As scRNA-seq has become a well-established method for dissecting cellular heterogeneity in complex tissues, the associated computational tools necessary for analyzing singlecell transcriptomic data continue to be designed and developed. As of November 2018, 325 tools have been deposited at the scRNA-tools database (www.scRNA-tools.org), and the number of tools being added is growing exponentially (Zappia et al., 2018). Compared with the analysis of bulk RNA-seq, scRNA-seq data analysis has several unique features. First, the gene-by-cell count matrix is very sparse owing to inefficient capture rates of mRNA molecules and low sequencing depth per cell, which results in higher technical variability in gene expression across cells. Second, tens of thousands of single cells are analyzed in a typical single-cell experiment, whereas the number of samples in bulk RNAseq is usually three per condition, highlighting the importance of computational efficiency in tools for analyzing scRNA-seq data.

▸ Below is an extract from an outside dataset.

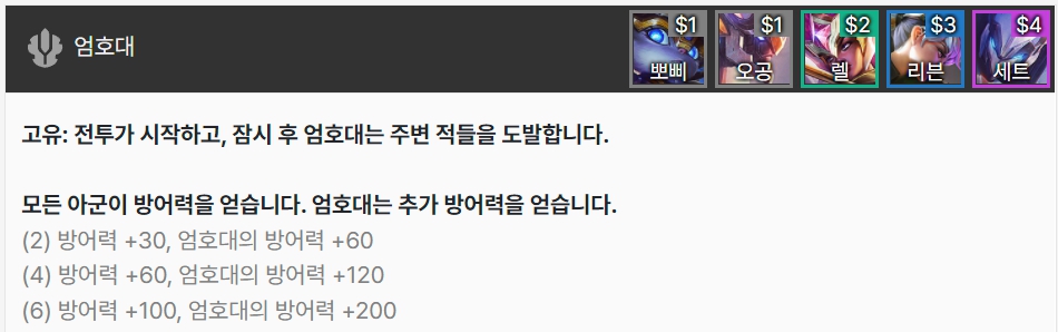 엄호대는 전투가 시작되면 잠시 후 주변 적들을 도발합니다. 모든 아군이 방어력을 얻으며 엄호대는 추가 방어력을 얻습니다. 뽀삐, 오공, 렐, 리븐, 세트로 이루어져 있습니다.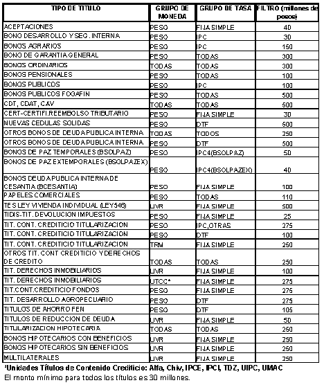 2.1 Se incluyen las operaciones con TES B tasa fija en pesos, para CEC pesos y TES B tasa fija en UVR, para CEC UVR.

Third, since the type and state of each cell are generally unknown, the expectation is that such information will be inferred from scRNA-seq data through unsupervised analysis, such as visualization and cell type identification. However, for bulk RNA-seq data, in which the class label of each sample is known a priori, genes that are differentially expressed between classes are usually identified through supervised analysis and hypothesis testing. Finally, there are single-cell– specific biological questions that cannot be addressed by bulk-level analysis. For example, it is possible to infer how individual tissue stem cells differentiate into multiple lineages during tissue homeostasis by estimating the ordering of cells along differentiation trajectories from a mixture of cells with heterogeneous differentiation states. The workflow of scRNA-seq data analysis includes four steps: data generation, data preprocessing, exploratory analysis, and heterogeneity analysis (Fig. 1).

E1BJB7_2019_v42n3_189_f0001.png 이미지

Fig. 1. Computational workflow for analyzing scRNA-seq data.

Data generation: generating a count matrix

The basic pipeline for generating a gene-by-cell count matrix from high-throughput scRNA-seq data consists of four common steps: barcode processing, read mapping, gene counting, and cell filtering. Several tools have been developed for this purpose, including Cell Ranger (Zheng et al., 2017a), UMI-tools (Smith et al., 2017), umis (Svensson et al., 2017), ESAT (Derr et al., 2016), dropEst (Petukhov et al., 2018), scPipe (Tian et al., 2018) and zUMIs (Parekh et al., 2018). In the first step (barcode processing), we reformat each read pair in paired-end FASTQ files by trimming the CB and UMI from one read and adding this information to the sequence identifier line of the other read in the pair. Sequencing errors introduced into CBs and UMIs can optionally be corrected by filtering out read pairs with low-quality CBs and UMIs according to Phred quality scores. The reformatted reads are then mapped to the genome or transcriptome using any of the popular aligners developed for bulk RNAseq data. Exon mapped reads from output BAM files are assigned to genes by a gene annotation GTF file and demultiplexed by CBs. For single-nuclei RNA-seq data, in which precursor mRNAs are abundant, both exon and intron mapped reads can be considered in gene counting to improve the number of detected genes (Parekh et al., 2018). PCR duplicates are removed by collapsing reads that are assigned to the same gene and share an identical UMI. Optionally, both sequencing and amplification errors in UMI sequences can be accounted for by collapsing UMIs if their edit distance is small and one UMI has a much higher read count than others. UMI-tools (Smith et al., 2017) uses a more elaborate method for UMI collapsing. It constructs UMI networks in which each node is labeled with a UMI sequence and read count, and two nodes are connected if their edit distance is 1. UMI collapsing is done by detecting modules in UMI networks based on adjacency and read counts.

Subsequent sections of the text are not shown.